Underneath all the comedy and funkiness, Juno was and is also one hell of a coming-of-age story. Our self-possessed protagonist is at many points nonplussed by her pregnancy–the event that we’d expect to be the driving force behind her character development–and is instead focused on making it through high school and romance drama with the baby’s dad, Paulie Bleeker (Michael Cera). Her true push into adulthood comes late in the film, when Mark Loring, the baby’s potential adoptive father (Jason Bateman in an underrated performance), implies that he has feelings for Juno and plans to leave his wife Vanessa (Jennifer Garner) for her. Juno is blindsided by this revelation–like kids do, she thought Mark was just a cool older friend who liked the same stuff she did. After leaving the Lorings and their quickly crumbling marriage, she pulls over on the side of the freeway to cry.

Juno

It’s what people call ugly crying, the uncomfortable, uncontrolled kind where you worry you might start hyperventilating, and Juno’s doing it inside a minivan in the dead of winter while heavily pregnant. There’s no cute musical cue or dialogue, and the scene only lasts about a minute. This moment is not what people talk about when they talk about Juno, but it’s tremendously powerful. It’s a moment of painfully forced growth that hurts to watch, as our hero finally understands that the world around her is so much darker and more complex and adult than she had thought. Fighting off disappointment, shock, and likely frustration at her own naivety, Juno gives herself a moment of grief for the spiritual end of her childhood before regaining her composure. She returns later to the Loring house to leave a note letting Vanessa know she’s still committed to the adoption, and when her dad (JK Simmons) asks what she’s been up to that day, her answer is honest and a little bit heartbreaking: “Oh, just out dealing with things way beyond my maturity level.”

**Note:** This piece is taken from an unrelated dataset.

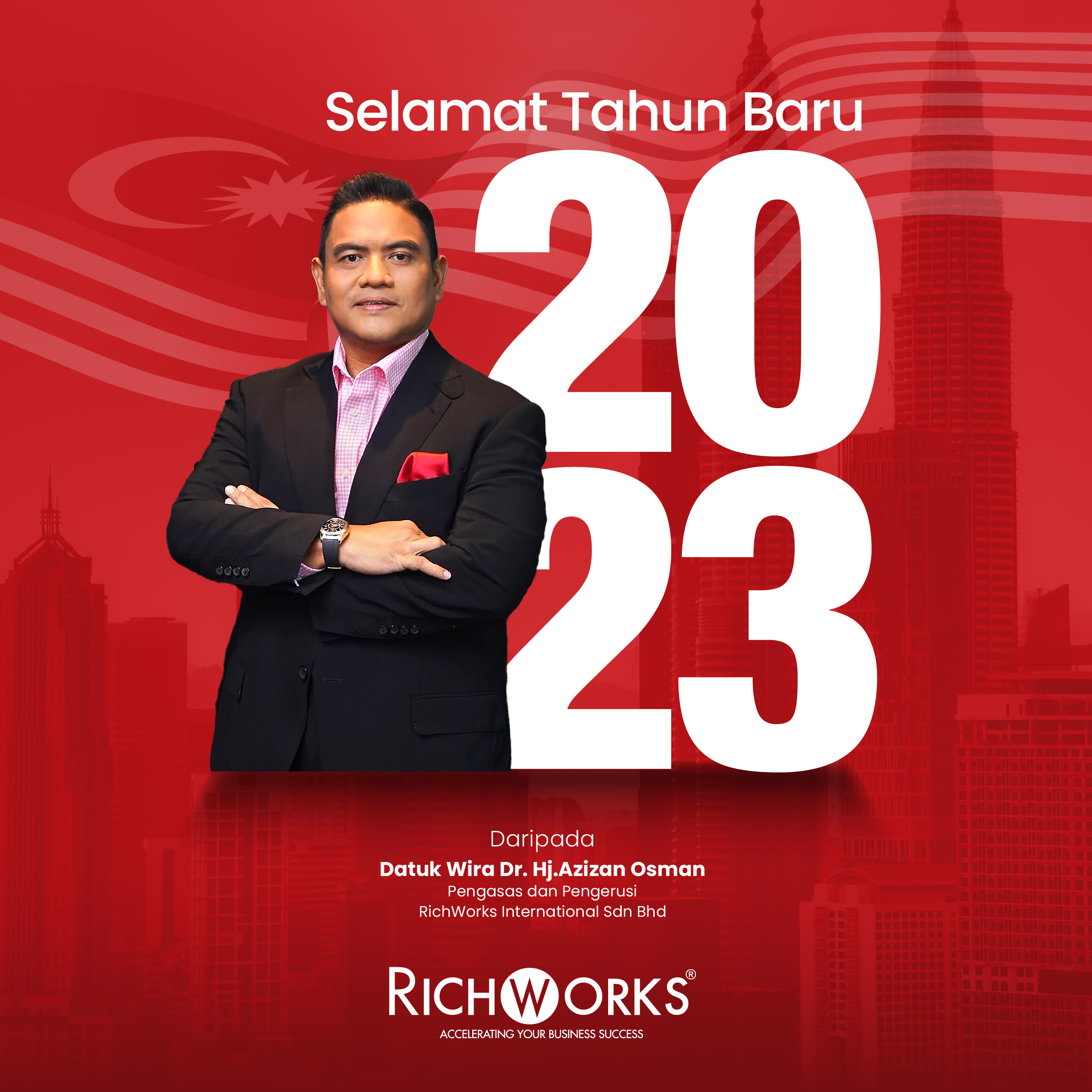 Assalamualaikum wbt & Salam Sejahtera alluser, "Ya Allah, Muliakanlah orang yang membaca doa ini, lapangkanlah hatinya, bahagiakan keluarganya dan luaskan rezekinya seluas lautan yang engkau ciptakan. Mudahkanlah segala urusannya, kabulkanlah cita-citanya, jauhkan dia dari segala penyakit, fitnah, prasangka keji, berkata kasar dan jauhkanlah dia dari segala musibah, serta terimalah semua amal ibadahnya dan kelak jadikanlah dia sebagai penghuni SyurgaMu. Aamiin" Terima Kasih kepada anda semua yang menyokong perjuangan RichWorks dalam membantu ramai Usahawan menjadi Usahawan Jutawan yang berjaya sepanjang 2022. Tahun 2023 akan ada lebih banyak cabaran yang bakal kita tempuhi. Namun, berbalik kepada kita untuk ambil cabaran ini sebagai satu masalah atau peluang untuk capai kejayaan. Kami faham kepayahan hidup yang anda sedang lalui sekarang dan persediaan yang perlu dilakukan untuk tahun akan datang. Sempena tahun 2023 ini, RichWorks nak bantu lebih ramai orang untuk tingkatkan hidup anda dengan berniaga. | |

Juno is neither the first nor the last deeply felt film about a self-possessed, vibrant young woman to be beloved by some and mocked by others. Already, there has been a similar, if more minor backlash against Greta Gerwig’s Lady Bird, another coming-of-age film that feels personal and relatable to many women. Neither film is perfect–criticism of their lack of diversity is certainly warranted–but both have been dismissed by critical voices as overrated without regard for their specific power. Juno and other films like it manage to pull something previously unseen, unrepresented out of the hearts and minds of girls everywhere and put it on a screen 25 feet high for the world to celebrate. If that isn’t movie magic, I don’t know what is.